** TASK STATEMENT **
Print the line containing "Mens Single Breast" and each line after it through the end of the material below, exactly as it appears, but skip the pictures.

== LISTED ENTRIES

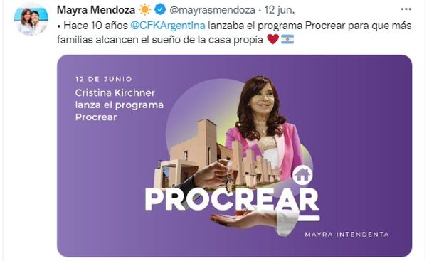 Y la intendenta de Quilmes, Mayra Mendoza, recordó en sus redes que "hace 10 años Cristina Fernández de Kirchner", entonces Presidenta de la Nación, "lanzaba el programa Procrear para que más familias alcancen el sueño de la casa propia".
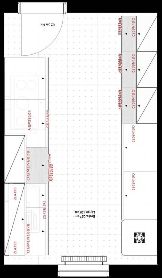 Zum Hintergrund: Es handelt sich um eine Küche für eine Mietwohnung, in der wir aber schon länger wohnen wollen. Da die Raumbreite gerade mal 2,57 m beträgt, kommt eine Lösung mit Essplatz nicht in Frage (zumindest habe ich im Planer nichts Vernünftiges hinbekommen).
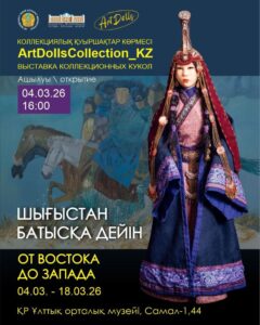 2026 жылғы 4 наурыз күні сағат 16:00-де Қазақстан Республикасының Ұлттық орталық музейінде «Art Dolls Collection_KZ» (Арт Долс Коллекшн KZ) шығармашылық бірлестігінің «Шығыстан Батысқа дейін» атты коллекциялық қуыршақтар көрмесінің ашылуы өтеді.
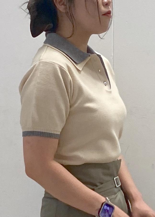 私は骨格ストレートなので、ボタンを1〜2個開けて着るとスッキリと見えやすいです。 -
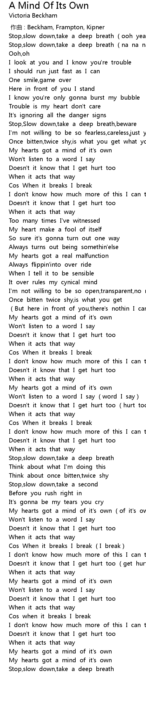 | [02:40.07] | My hearts got a mind of it' s own of it' s own |
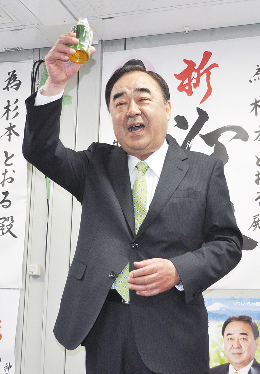 万歳三唱の後、マイクを握った杉本氏は「合区になって初めての選挙を皆さんのおかげで勝てました。涙が出るくらい嬉しい。足柄地域をなんとかしたい、連携して地方創生をやっていきたい」と話し、お茶で乾杯して支援者らと喜びを分かち合った。その後、次々と祝福に駆け付ける関係者らに笑顔で応対した。
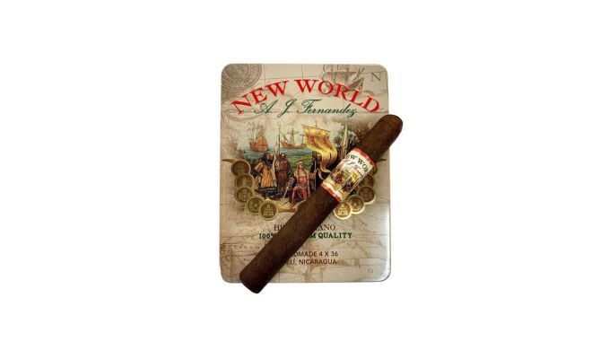 Der Blend der Linie New World ist in enger Zusammenarbeit von AJ Fernandez und seinem Vater Ismael entstanden. Die AJ Fernandez New World Tin ist eine Short Panatela und mit einer Länge von 101mm und einem 36er Ringmaß zugleich die Kleinste der gehaltvollen New World-Zigarren. Tabake aus dem berühmten Jalapa-Tal, Nicaragua finden mit Ligero aus Estelì, Condega und Viso Ometepe ein komplexes Zusammenspiel, welches sich geschmacklich mit erdigen und pfeffrigen Aromen und einer feinen Kaffeenote auszeichnet. Edle Nuancen von Bitterschokolade runden die gelungene Mischung ab. Geliefert in der Metalldose zu jeweils 6 Stück, finden die kleinen AJ Fernandez New World Tin`s eine hübsche Umverpackung und bieten zeitgleich den perfekten Schutz für Unterwegs.
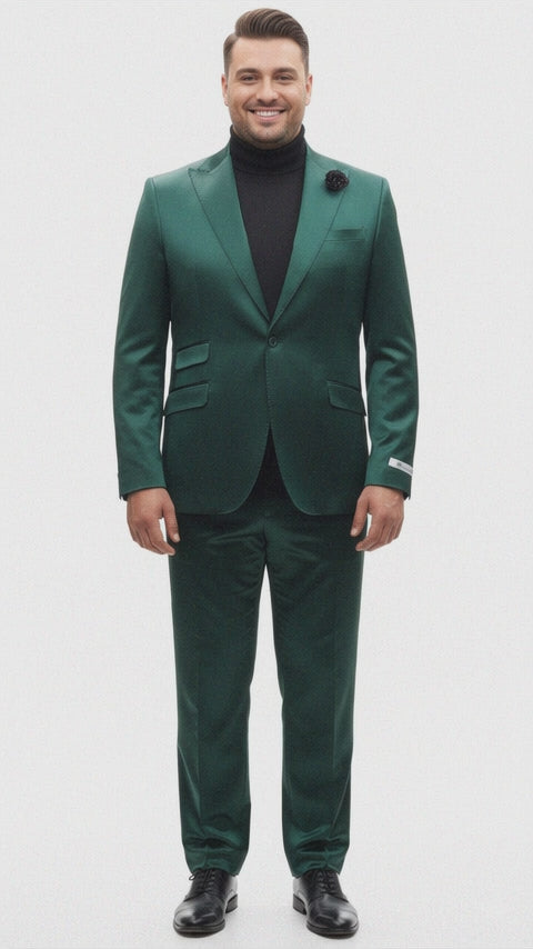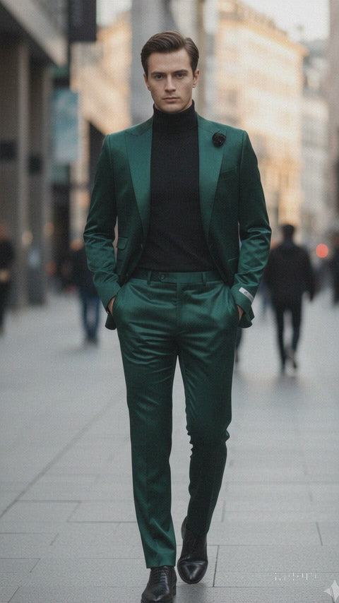 Mens Single Breast Suit Green - Sateen Shiny Fabric Metallic Fabric - Sharskin
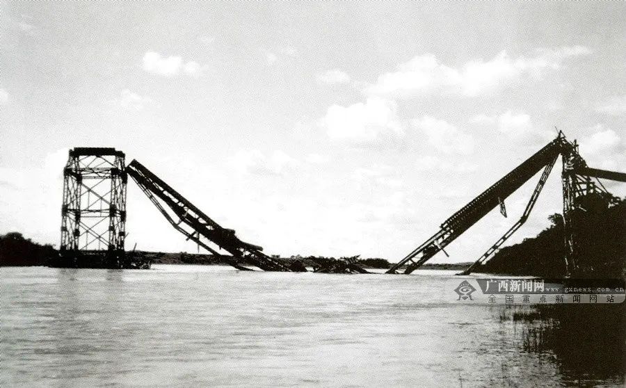 图为1944年被日军飞机炸毁的柳州大桥。广西壮族自治区档案馆供图
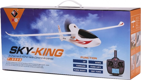 Motorový klzák Sky King F959S od WLtoys je skvelou voľbou pre tých, ktorí si chcú kúpiť model pripravený na zábavu ihneď po vybratí z krabice. Akrobacia na plný plyn a kaskadérske kúsky vo vzduchu sú skvelým spôsobom, ako si užiť zábavu vonku, ideálne pre každého, kto s leteckým modelárstvom začína.

====

** RESPONSE BELOW **
 Mens Single Breast Suit Green - Sateen Shiny Fabric Metallic Fabric - Sharskin
 图为1944年被日军飞机炸毁的柳州大桥。广西壮族自治区档案馆供图
 Motorový klzák Sky King F959S od WLtoys je skvelou voľbou pre tých, ktorí si chcú kúpiť model pripravený na zábavu ihneď po vybratí z krabice. Akrobacia na plný plyn a kaskadérske kúsky vo vzduchu sú skvelým spôsobom, ako si užiť zábavu vonku, ideálne pre každého, kto s leteckým modelárstvom začína.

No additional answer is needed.